Tuesday, December 14, 2004

A Digital Library (thanks to Google)

Since I read Malcolm Gladwell's The Tipping Point* a few months ago, I've wondered what the tipping point might be for a transition from print to electronic books. It's clear that major research libraries have invested heavily in building digital collections, but few have successfully managed to make digital collections an integrated part of the collection development policies and procedures for the library. Even fewer smaller libraries have been able to even imagine such a change. Digitization efforts have continued to be viewed as pilot projects rather than a part of the routine operation of the library.

Having participated in a couple digitization projects, it has become clear that building a sustainable model for digitization is a significant challenge. Apart from external funding for special "projects" operational budgets haven't been increased to provide increased resources to digitize collections. As well, the amount and cost of print publications continues to increase.

And then, along comes Google. It's been clear for months that Google has a very aggressive plan. Google Scholar was only the beginning. I don't think we yet know the full extent of the Google plan. With the resources of their very successful IPO, they are able to take on a very ambitious digitization project. I suspect they see the potential of multiple revenue streams that will support this effort that grow out of more than just the advertising that we see on their website. Agreements with online book vendors and on-demand printing are just a couple that come immediately to mind. Yet, while this ambitious plan has a measure of risk, I believe it is only through some sort of commercial/not-for-profit collaboration that a sustainable model can be developed for such a digitization project.

If they succeed, this might be the tipping point. With the Million Book project originated at Carnegie Mellon University, as well as e-book projects being archived at the Internet Archive (http://www.archive.org/texts/texts.php), and the efforts just announced by the Library of Congress to digitize 70,000 books by next April in cooperation with a group of international libraries from the United States, Canada, Egypt, China and the Netherlands, there begins to be a substantive body of print books available in digital form. Perhaps, this will be the tipping point at which it becomes expected that one will search Google to locate the book you are seeking.

This raises several significant issues. First, for theological libraries, the collection being digitized is not necessarily well balanced. It is not clear that books from Harvard Divinity School's library will be included in the initial 40,000 book pilot project at Harvard. Even if all goes well, and Harvard decides to proceed beyond the pilot project, how much of Andover-Harvard Library collection will be digitized remains a question. Hopefully much of it will be, but even if all of it is digitized, it remains a collection designed to support the curriculum and research at Harvard, not necessarily the curriculum and research of other theological schools. The risk is that searchers will assume that everything is digitized when only a portion may be.

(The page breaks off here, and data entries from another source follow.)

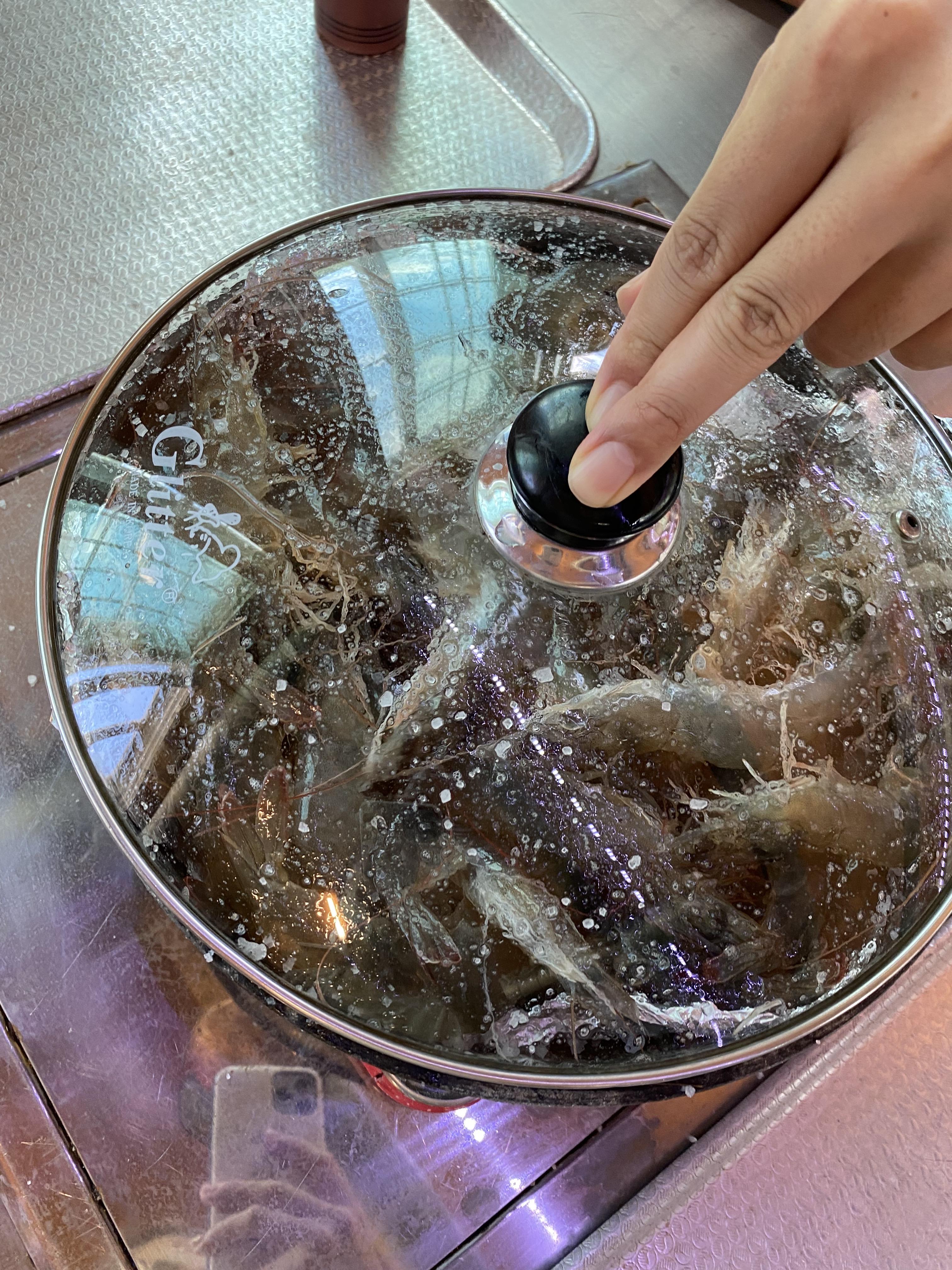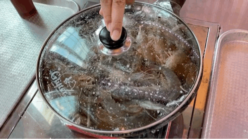 왕새우를 구워 먹으려면 소금구이가 일반적이죠. 생새우가 그냥 들어가기 때문에 이렇게 손잡이를 꼭 잡아줘야합니다. 안그러면 뚜껑을 열고 튀어나간다고 하네요.
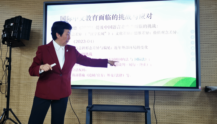 国际法与国际中文教育是两个宏大的领域,讲座解读各自的特点,探讨两者的关系,搭起互动的桥梁。详实的内容,严肃诙谐且深入浅出的讲座令老师们受益匪浅。
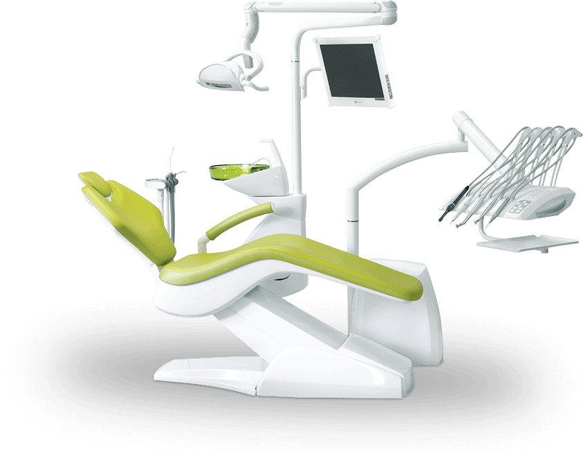Блок питания, пантографическое плечо с модулем врача, светильник и блок плевательницы прикреплены к основанию кресла для того, чтобы обеспечить лёгкий доступ и максимальный комфорт для стоматолога и пациента.
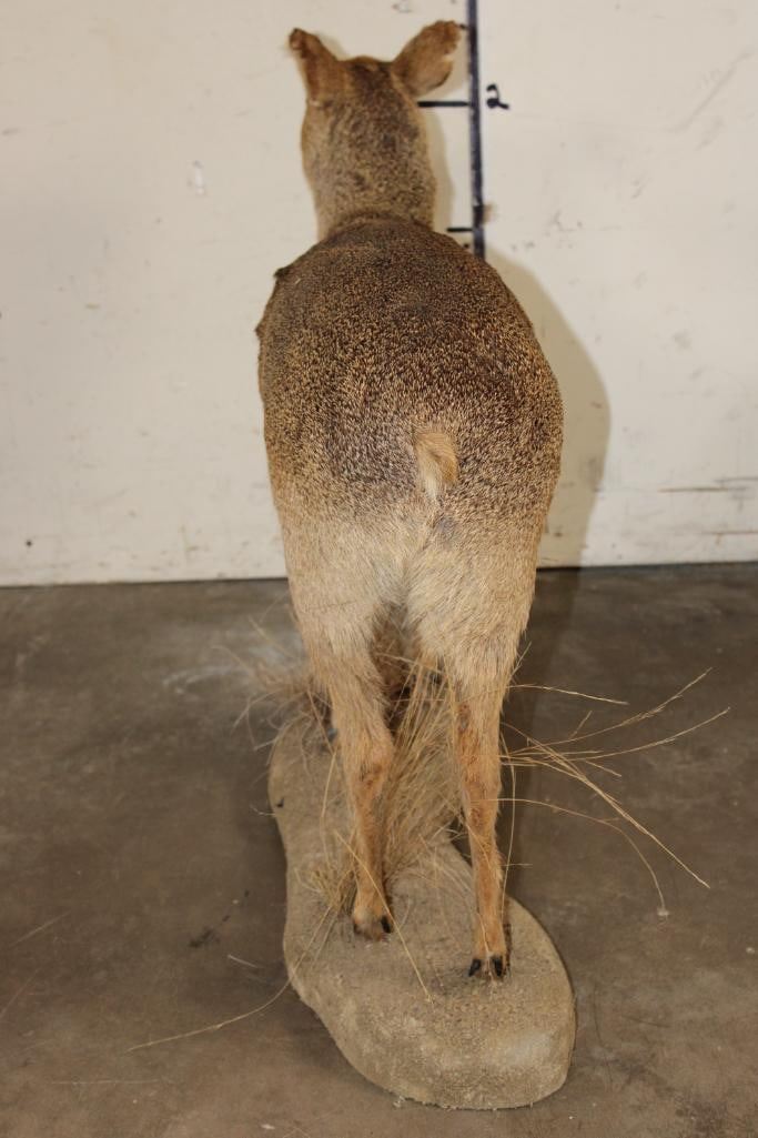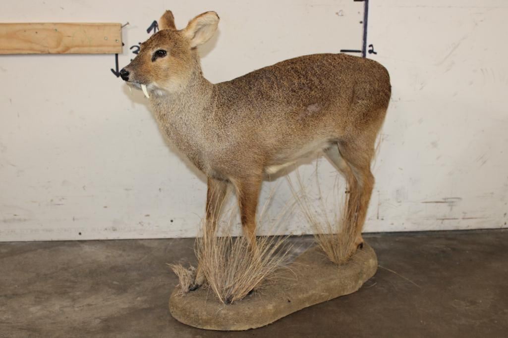 Very Nice, Clean, and *Rarely Seen* Life-sized CHINESE WATER DEER. It is mounted on a simulated rock base that measures 32" Long x 9" Wide x 30" Tall. It is in Very Good Condition. Chinese Water Deer are also known as the "vampire deer" because of its Fangs! Instead of growing antlers they grow tusks up to an average of 2" long that resemble impressive, and dangerous fangs. TAXIDERMY
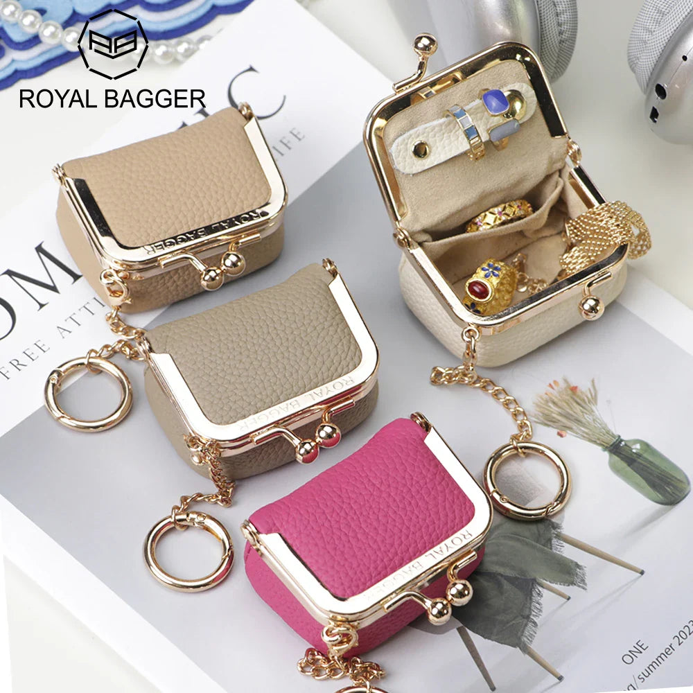 Royal Bagger Genuine Leather Mini Kiss Lock Coin & Jewelry Box, Removable Keychain, Storage for Rings, Earrings, Necklaces 2894
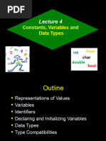 ‘A’, ‘v’, and “?” are character literals • true or false (no quotes!)
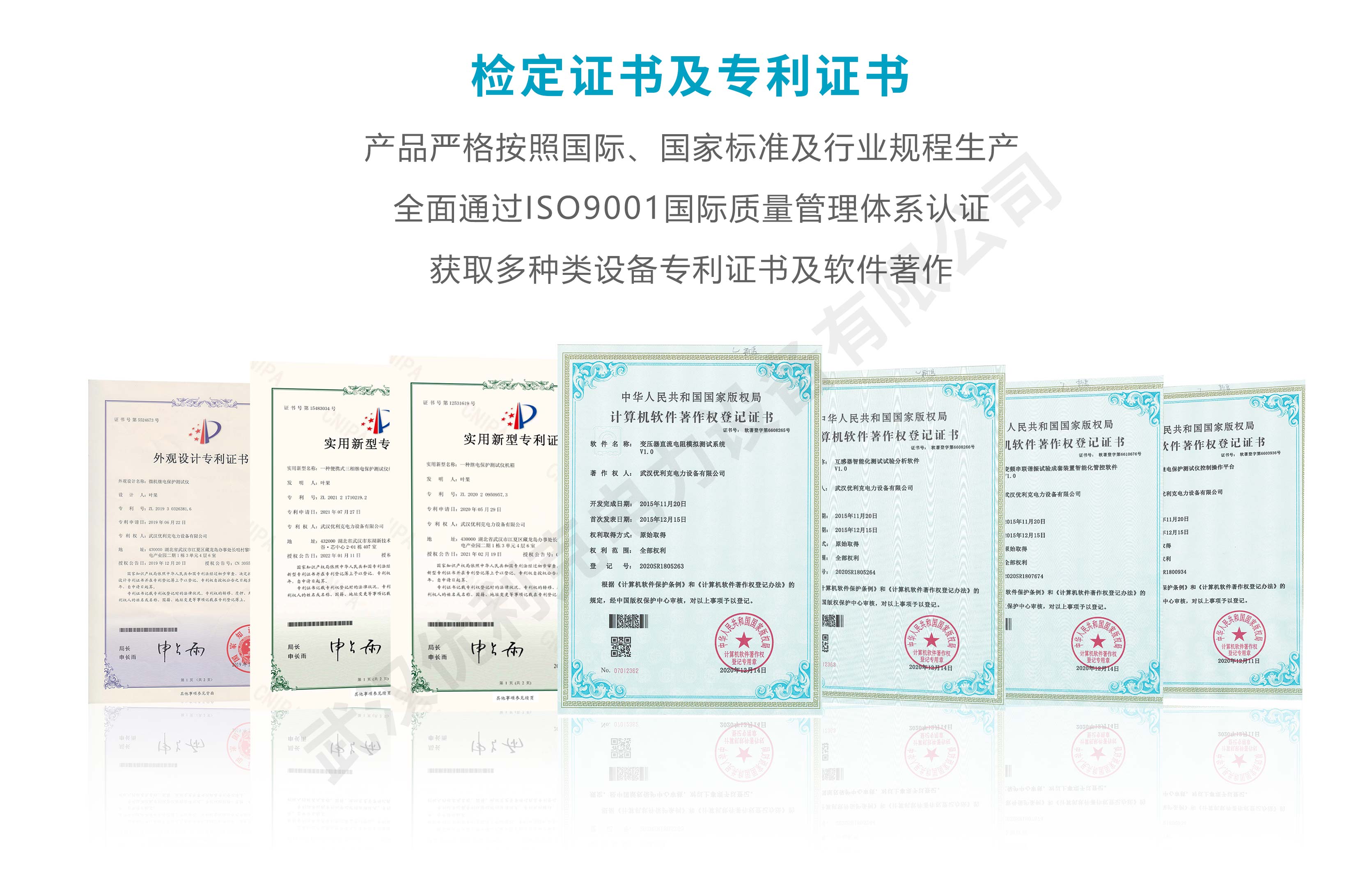 企業產品嚴格按照國際、國家標準及行業規程生產,通過國家、各省級、市級電力研究所、計量中心及電力權威部門的檢測,全面通過ISO9001國際質量管理體系認證、中華人民共和國制造計量器具許可證、GB/T19001-2016質量管理體系要求、GB/T24001-2016環境管理體系要求、GB/T45001-2020職業健康安全管理體系要求。
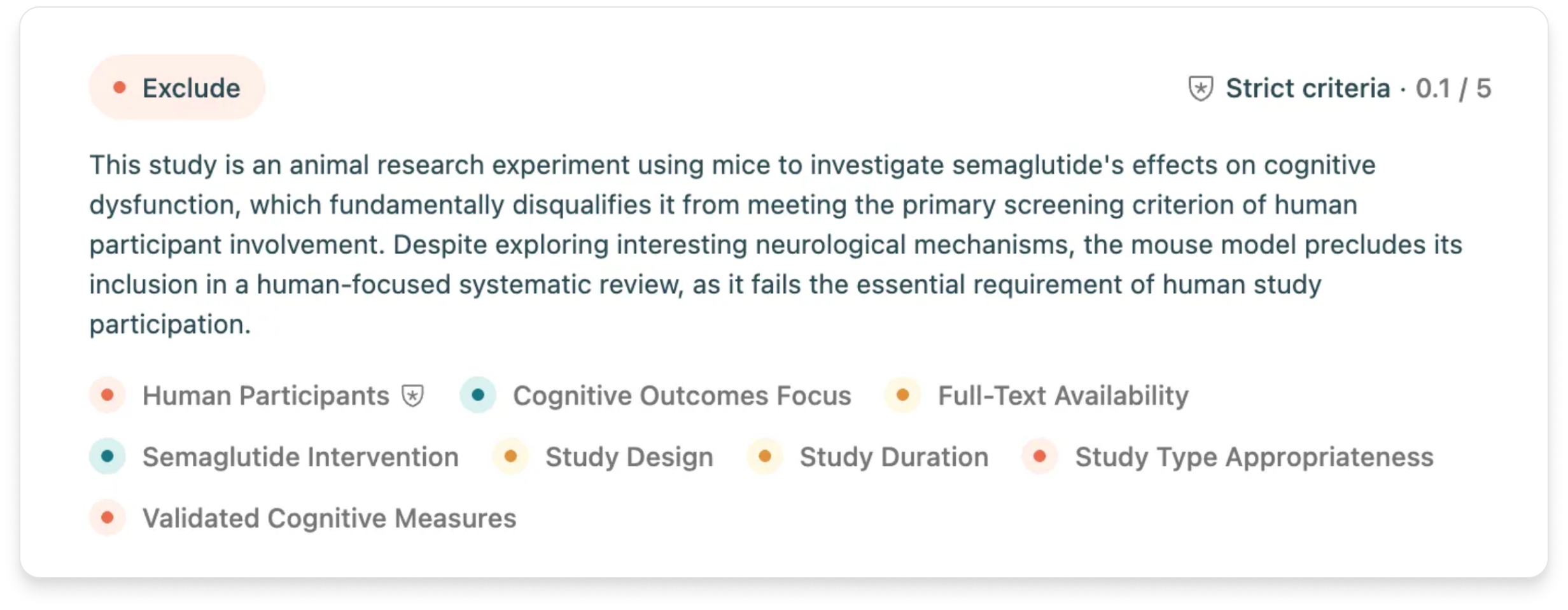 If you have any strict criteria, any papers failing those criteria will be excluded automatically and will be listed at the bottom of the results page. They will have a label indicating they were excluded because they failed to meet one of your strict criteria.
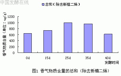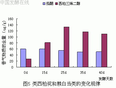 从图1、图2中我们可以明显看出,在所有的香气物质中,新植二烯的含几乎相当于其它所有香气物质含量的总和,最高含量为991ug/g。二者在整个发酵过程中的含量变化规律一致,随着发酵过程的进行,含量开始上升,到25天时达到最大值,25天后又开始下降。而其它类别的总含量次于新植二烯,在25天前呈V字形变化,25天后开始下降,在发酵25天时含量最大。类西柏烷和赖百当类与类胡萝卜素类含量变化规律一样,上升―下降,但前者在25天达到最大值,含量为188ug/g,后者在15天达到最大值,含量为136ug/g。苯丙氨酸类和棕色化产物含量较低,变化不太大,变化趋势为上升―下降,都是在15天时含量达到最大值。
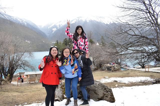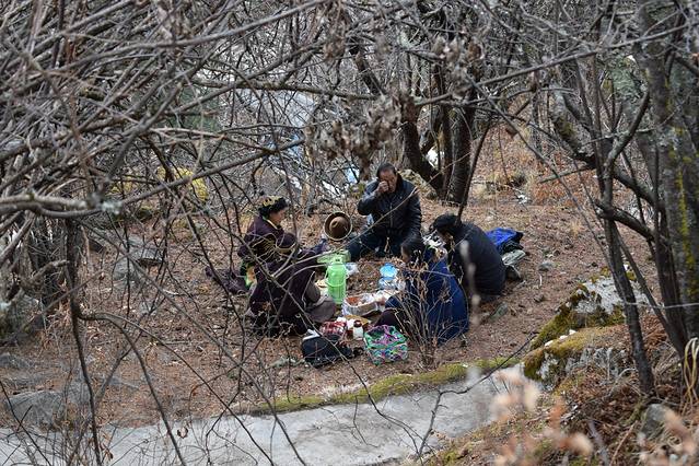 巴松措景区一角,聚餐的藏族人,天还飘着雪,可有情调了
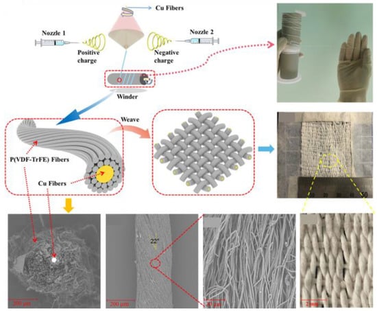 Due to the limitation of contact area, single fiber-TENG is challenging to realize the purpose of TENG as an energy source. Fabrication of fiber-TENG can not only improve the surface area and triboelectric performance, but also maintain good wearability. However, the large-scale production of triboelectric yarns is the core issue. The complex structure, various materials, and different processing of triboelectric yarn are the main problem when considering large-scale production. A few strategies for scalable triboelectric yarns are listed. As mentioned above, spinning has been proven as a robust method for scalable production of fiber/yarn-TENG. Traditional textile materials have excellent properties and are easy to apply. At the same time, fiber/yarn TENG produced by spinning can be better used for subsequent fabrication. They can be directly used in existing textile machines, such as weaving, knitting, sewing, and other equipment. Braiding is a good candidate for the fabrication of fiber/yarn-TENG. It allowed triboelectric fiber to be directly warped on a conductive thread to make yarn-TENG. As mentioned in the last section, the production or coating of a hollow silicone tube with the injection of conductive material can also be designed as scalable production. A modified electrospinning method was reported for scalable production of nanofibrous yarn for wearable smart textile (Figure 7) [94]. It is a one-step method based on electrospinning which involves a pair of positive and negative power supplies. The prepared polymer solution was put in different nozzles connected to the positive and negative power supplies. Under the action of electrostatic force, nanofibers are spun out and form a spinning triangle above the drum. The collector was rotated, and the spun fibers were twisted in the spinning triangle around the metal core.
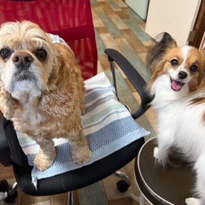 スタッフの椅子の上も好きでよくスタッフと一緒に座っていました笑
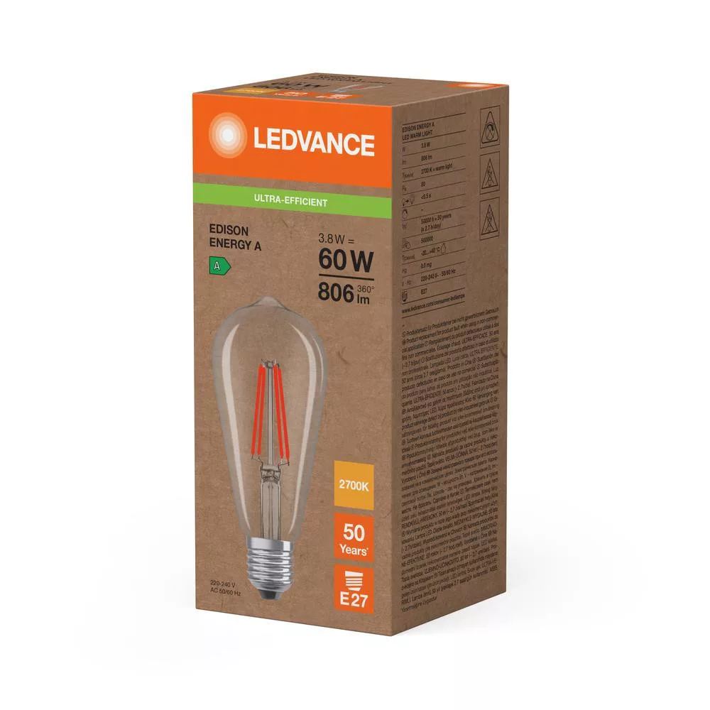 Edison LED izzó E27 ST64 3.8W = 60W 806lm 2700K Meleg 300° Ledvance
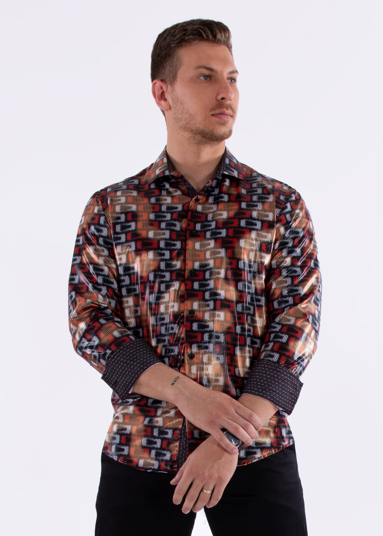 Shiny Geo Print Long Sleeve Dress Shirt
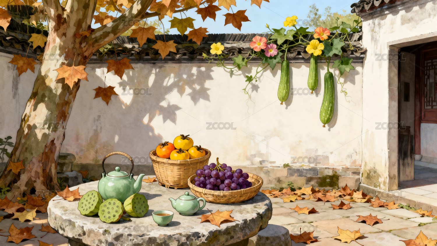 秋日农家小院
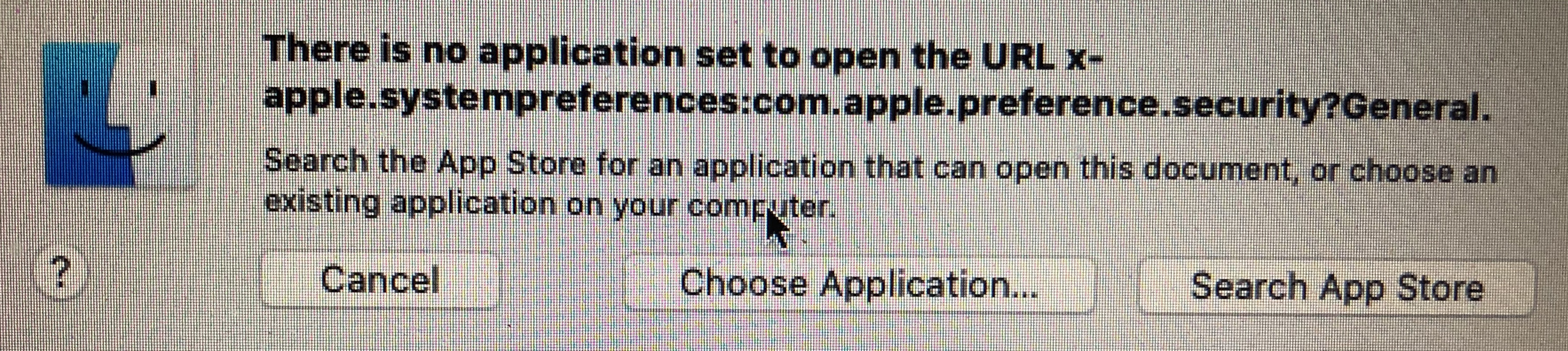I have recently tried to install/update several things on my MacBook. These would be updating my printer software and trying to install an update for Steam. Both times it goes through all of the installation steps normally, but stops before it is done with the message in the picture. After that message is displayed the installation is stopped and will not progress any farther. I have to Force Quit the installers. Does any one know how to fix this? It is almost like it is trying to bring up the security settings but something is broken somewhere. Thanks for your help.

A great deal of anecdotal evidence and some more systematic studies indicate that at least undergraduates already select Google as the search engine of choice when they seek information. Adding bibliographic records and full-text to the Google database will only solidify that notion. If it can't be found on Google, it won't be found (or at least used.) Harvard plans to provide bibliographic records for the books digitized from their collection, and I suspect the other libraries will as well. In any event, Google's new relationship with OCLC will undoubtedly provide good catalog records. But I doubt the Google search interface is going to evolve to resemble a library's catalog where one can develop a structured search that utilizes the various fields that are carefully created by catalogers. What will be the future of the bibliographic record? Bibliographies? Library catalogs?

This raises a number of questions for me about the future of library efforts to provide web sites and web resources, and perhaps even online catalogs as we know them today. Will it make more sense, for example, to find a way of providing circulation status through Google? And what will be the role of what we have known as public services in an environment where not only the search engine, but the content is served up by a commercial entity outside the library?

Much of the traditional role of libraries has been to develop collections. These cohesive collections have reflected the mission and nature of the communities they have served. Users have selected and read books from these collections in the context of those collections. As we move to a massive online digital collection, that context is lost. Indeed, even the context of the book may be lost as one may read only small excerpts from a book, missing the linear development of an argument that is obtained only by reading the entire book. Not only the way we search and access information, but the very way we perceive information is about to change.

*Gladwell, Malcolm. The Tipping Point: How Little Things Can Make a Big Difference. 1st ed. Boston: Little Brown, 2000.